There is some hope for the residents of substandard RDP houses, as media investigations have placed pressure on the government to respond to the problem. The Dispatch’s Gcina Ntsaluba has produced a multimedia report on the RDP housing crisis in the Eastern Cape, which has been nominated for a Mondi Shanduka award. In the report, Ntsaluba told the story of RDP settlements that turned into ghost towns as residents abandoned their homes, claiming that they were uninhabitable.
The Minister of Human Settlements, Tokyo Sexwale, has reacted with disarming directness to the state of much RDP housing, labelling the shoddily built houses “a national shame.” Some relief is also in sight for the tornado-affected residents; according to the Makana Municipality’s spokesperson, Thandy Matabese, repairs were approved in December last year. However, Vukani is not on the Provincial Government’s rectification list.
It could also be argued that focussing on the problems in RDP housing delivery is churlish, as it detracts from bigger achievements, and in any event the problems have been acknowledged and are being addressed. Also, the houses, with their individual water standpipes and flush toilets, are positively palatial when compared the slums of Kibera. The government’s housing programme should be the envy of other countries facing the problem of mass homelessness.
Government officials are clearly confounded by the phenomenon of rising protest action, in spite of objective improvements in living conditions. Writing in The Star recently, Dumisani Zulu, argued that the quality of life has improved under democracy, and implied that – rather than being genuine expressions of anger – many protests were driven by opportunists seeking positions in local government.
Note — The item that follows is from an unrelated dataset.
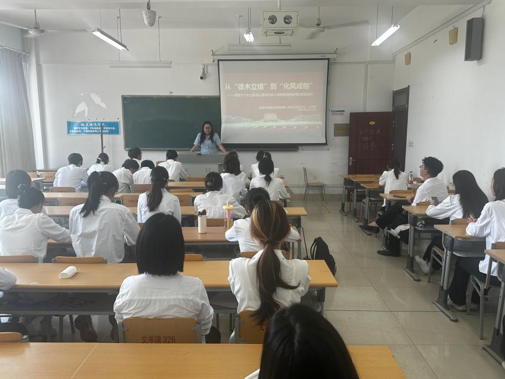 三个党支部书记分别以《从“徙木立信”到“化风成俗”》《党的作风建设永远在路上》《加强新时代廉洁文化建设》为题带领学生党员们集中学习了中央八项规定精神,强调了作风建设、廉洁文化建设的重要性。
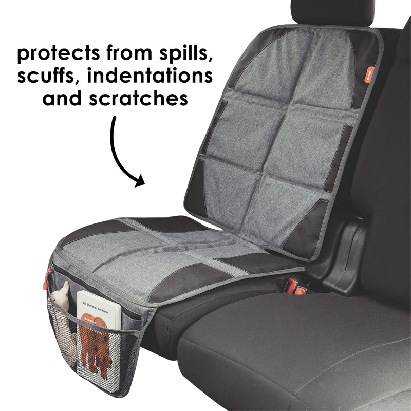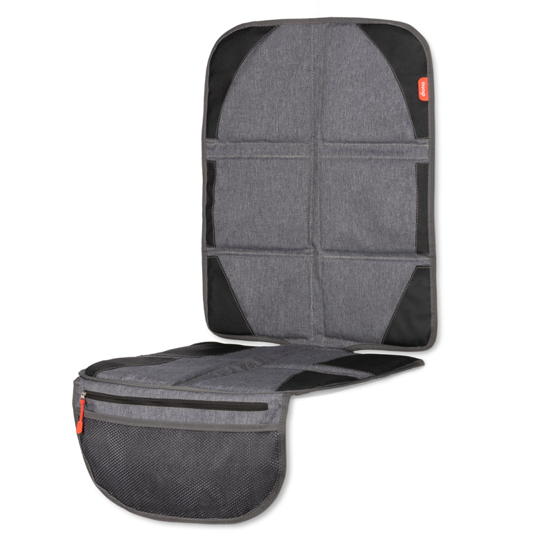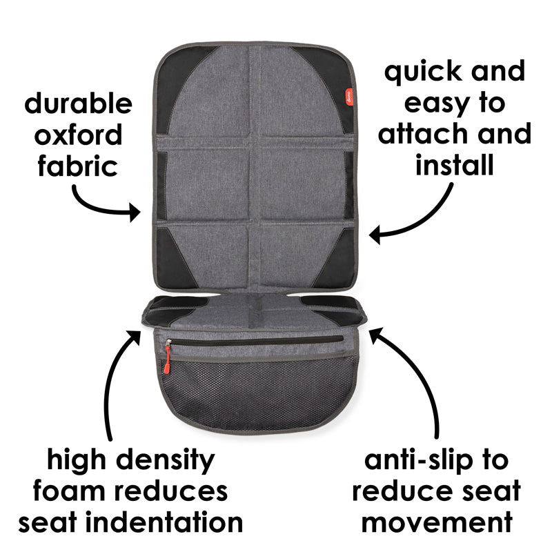 É adequado para uso com assentos infantis de carro, conversíveis e boosters, possui um material antiderrapante para reduzir o movimento do assento e seus painéis de espuma de alta densidade protegem contra arranhões, reentrâncias e arranhões e, sendo à prova d'água, também protege contra derramamentos. Ele também tem um grande bolso de malha, que mantém as coisas seguras e visíveis.

Clearly, a deeper understanding of the roots of mass protest is required. Free housing is not, in fact, free: as the Dispatch investigation revealed, several RDP housing projects failed because people were given houses, but did not have the income to maintain them. When the cost of living rises in a context of growing income deprivation, people find themselves pressed in a vice of unaffordability.
In studying the quality of life in Grahamstown, Rhodes university social scientists Valerie Møller and Sarah Radloff, concluded that “…livelihoods rather than access to services may be more effective enhancers of quality of life during a period of rising living costs, and that – perversely – higher living standards might depress rather than enhance quality of life.”
When viewed in this context, it is not difficult to understand why ostensibly better-off communities decide to protest of their own volition, and not at the behest of opportunistic politicians, the third force or other creepy crawlies.
In delivering RDP housing, the government has ignored a key principle of the RDP, namely to promote integrated development. RDP housing rectification is an ineffective form of redress if it continues to be implemented in a policy context where services are treated primarily as commodities rather than entitlements, and where the private sector is relied on, in the main, to provide jobs.
Also, the 1994 White Paper on Housing’s commitment to ‘width over depth’ (where more, but cheaper, subsidies are provided) is coming back to bite the government. More money is now needed for the rectification of cheaply built substandard houses, which proves the correctness of the old adage that the short way round is often the long way round.
Mass organisation is needed to change housing policy, informed by critical perspectives on the housing and other social questions, as existing developmental state policies accommodate rather than challenge neoliberal orthodoxies. As Patrick Bond observed about urban policy some time ago, changes in policy will not be possible without changes in politics: an insight clearly shared by the outspoken Ncamiso, and that kept her fighting till the end.